>>>>

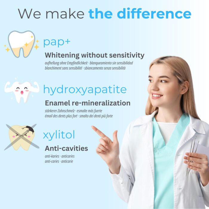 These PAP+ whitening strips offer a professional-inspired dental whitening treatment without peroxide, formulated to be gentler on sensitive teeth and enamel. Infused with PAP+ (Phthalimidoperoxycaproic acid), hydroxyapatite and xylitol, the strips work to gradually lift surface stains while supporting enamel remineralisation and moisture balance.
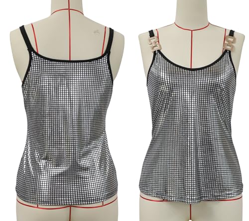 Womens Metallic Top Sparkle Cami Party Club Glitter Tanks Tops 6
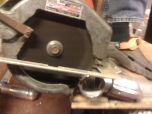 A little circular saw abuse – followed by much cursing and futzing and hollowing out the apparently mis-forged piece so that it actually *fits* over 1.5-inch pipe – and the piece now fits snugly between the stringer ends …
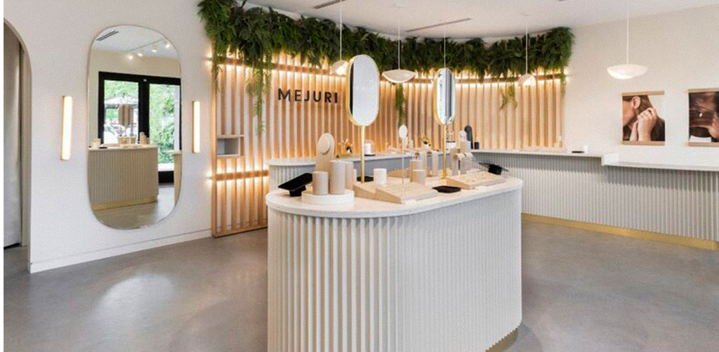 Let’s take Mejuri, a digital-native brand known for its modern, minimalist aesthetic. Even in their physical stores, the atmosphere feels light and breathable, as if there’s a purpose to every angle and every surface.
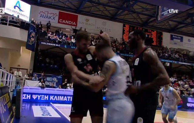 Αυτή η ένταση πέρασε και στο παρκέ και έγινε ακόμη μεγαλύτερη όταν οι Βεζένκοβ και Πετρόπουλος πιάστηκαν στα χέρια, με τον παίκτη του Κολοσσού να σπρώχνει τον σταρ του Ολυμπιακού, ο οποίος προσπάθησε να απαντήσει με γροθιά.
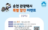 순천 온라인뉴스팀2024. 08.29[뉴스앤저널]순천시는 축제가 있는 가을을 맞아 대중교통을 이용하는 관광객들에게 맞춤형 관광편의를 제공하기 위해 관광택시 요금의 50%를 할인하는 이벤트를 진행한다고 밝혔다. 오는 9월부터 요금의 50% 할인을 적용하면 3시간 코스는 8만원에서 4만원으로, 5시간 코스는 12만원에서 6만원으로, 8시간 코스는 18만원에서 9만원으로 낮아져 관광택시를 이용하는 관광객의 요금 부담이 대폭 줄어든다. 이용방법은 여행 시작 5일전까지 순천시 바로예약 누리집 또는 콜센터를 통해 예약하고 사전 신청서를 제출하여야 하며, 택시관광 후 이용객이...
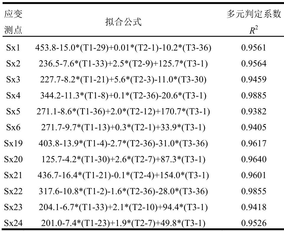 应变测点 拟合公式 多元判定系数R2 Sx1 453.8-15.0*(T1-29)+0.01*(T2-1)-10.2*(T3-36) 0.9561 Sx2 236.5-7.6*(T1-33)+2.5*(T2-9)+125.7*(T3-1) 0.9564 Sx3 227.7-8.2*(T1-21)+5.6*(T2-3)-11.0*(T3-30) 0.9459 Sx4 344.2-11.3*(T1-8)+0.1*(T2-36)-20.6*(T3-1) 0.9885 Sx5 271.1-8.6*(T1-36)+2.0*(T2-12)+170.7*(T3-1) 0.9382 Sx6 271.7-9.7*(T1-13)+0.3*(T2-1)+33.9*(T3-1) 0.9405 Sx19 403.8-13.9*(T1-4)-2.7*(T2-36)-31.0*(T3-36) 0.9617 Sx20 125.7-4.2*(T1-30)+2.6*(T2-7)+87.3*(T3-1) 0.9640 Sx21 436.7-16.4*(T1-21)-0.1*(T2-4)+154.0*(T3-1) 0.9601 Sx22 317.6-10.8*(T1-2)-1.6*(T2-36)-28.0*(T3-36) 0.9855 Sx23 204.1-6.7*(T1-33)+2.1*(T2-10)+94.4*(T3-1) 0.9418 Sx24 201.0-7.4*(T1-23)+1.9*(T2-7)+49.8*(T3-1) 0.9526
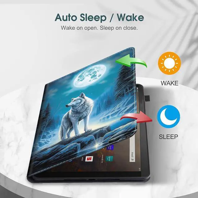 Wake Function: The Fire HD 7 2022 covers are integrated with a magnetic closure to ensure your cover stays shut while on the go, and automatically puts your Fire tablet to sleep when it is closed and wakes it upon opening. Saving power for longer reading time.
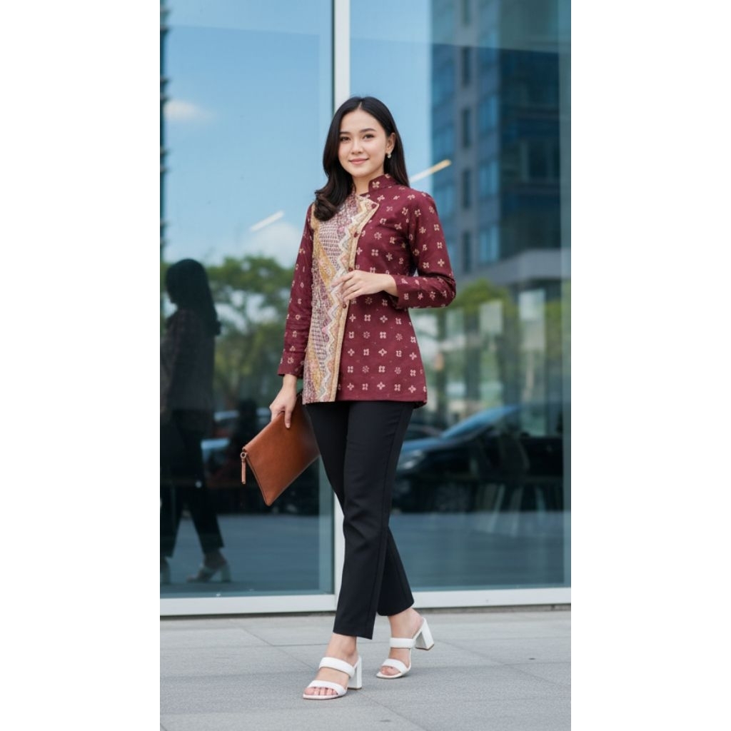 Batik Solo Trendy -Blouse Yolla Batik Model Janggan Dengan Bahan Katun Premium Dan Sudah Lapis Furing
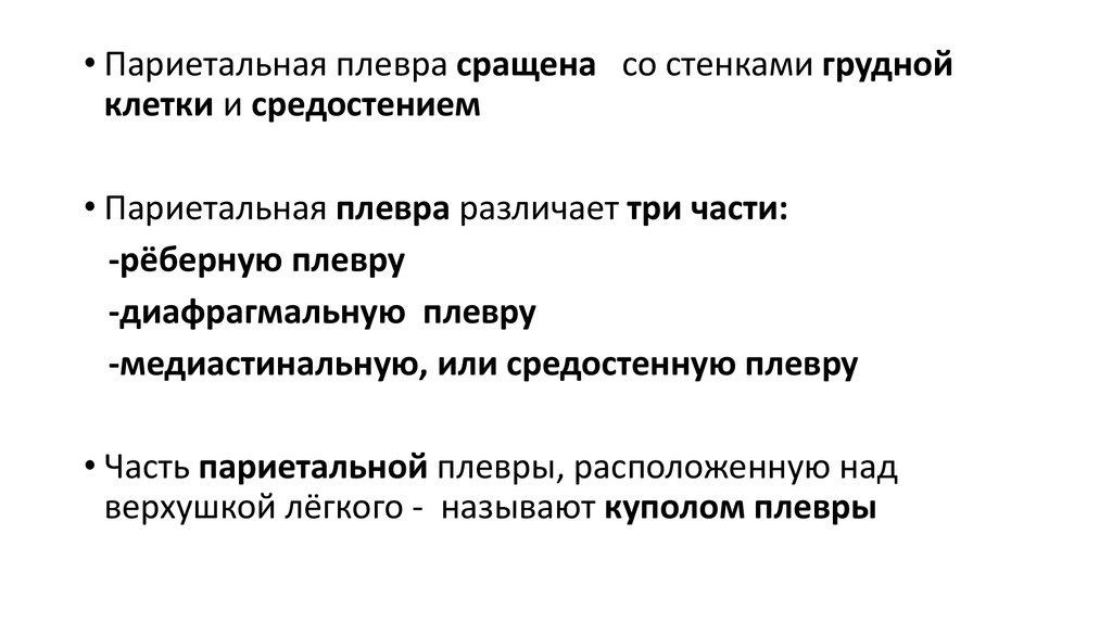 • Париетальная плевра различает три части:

<<<<

**INSTRUCTIONS TO FOLLOW**
Using the material above, reproduce only the lines that run from the line with "Let’s take Mejuri, a" up to and including the line with "순천 온라인뉴스팀2024. 08.29[뉴스앤저널]순천시는", exactly, with the pictures dropped.

**ANSWER BOX**
 Let’s take Mejuri, a digital-native brand known for its modern, minimalist aesthetic. Even in their physical stores, the atmosphere feels light and breathable, as if there’s a purpose to every angle and every surface.
 Αυτή η ένταση πέρασε και στο παρκέ και έγινε ακόμη μεγαλύτερη όταν οι Βεζένκοβ και Πετρόπουλος πιάστηκαν στα χέρια, με τον παίκτη του Κολοσσού να σπρώχνει τον σταρ του Ολυμπιακού, ο οποίος προσπάθησε να απαντήσει με γροθιά.
 순천 온라인뉴스팀2024. 08.29[뉴스앤저널]순천시는 축제가 있는 가을을 맞아 대중교통을 이용하는 관광객들에게 맞춤형 관광편의를 제공하기 위해 관광택시 요금의 50%를 할인하는 이벤트를 진행한다고 밝혔다. 오는 9월부터 요금의 50% 할인을 적용하면 3시간 코스는 8만원에서 4만원으로, 5시간 코스는 12만원에서 6만원으로, 8시간 코스는 18만원에서 9만원으로 낮아져 관광택시를 이용하는 관광객의 요금 부담이 대폭 줄어든다. 이용방법은 여행 시작 5일전까지 순천시 바로예약 누리집 또는 콜센터를 통해 예약하고 사전 신청서를 제출하여야 하며, 택시관광 후 이용객이...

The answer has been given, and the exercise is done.